[Opening DATASET CONTENT section]

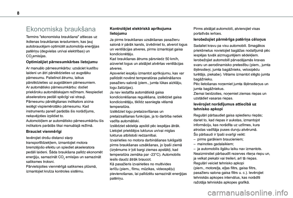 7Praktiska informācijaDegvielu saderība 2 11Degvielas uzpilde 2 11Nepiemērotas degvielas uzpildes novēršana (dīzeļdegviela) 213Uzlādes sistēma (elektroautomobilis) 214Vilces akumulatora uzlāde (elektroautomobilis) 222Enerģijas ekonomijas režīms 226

[Closing DATASET CONTENT section]
[Opening DATASET CONTENT section]

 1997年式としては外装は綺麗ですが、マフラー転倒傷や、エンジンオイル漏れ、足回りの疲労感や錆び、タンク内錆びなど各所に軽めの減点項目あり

[Closing DATASET CONTENT section]
[Opening DATASET CONTENT section]

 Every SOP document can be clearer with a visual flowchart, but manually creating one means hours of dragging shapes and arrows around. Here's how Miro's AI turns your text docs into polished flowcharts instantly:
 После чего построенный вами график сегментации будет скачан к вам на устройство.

[Closing DATASET CONTENT section]

Where the listing above reaches the line that contains "Every SOP document", start retyping, and finish with the line that contains "После чего построенный"; reproduce those lines exactly and no others.

 Every SOP document can be clearer with a visual flowchart, but manually creating one means hours of dragging shapes and arrows around. Here's how Miro's AI turns your text docs into polished flowcharts instantly:
 После чего построенный вами график сегментации будет скачан к вам на устройство.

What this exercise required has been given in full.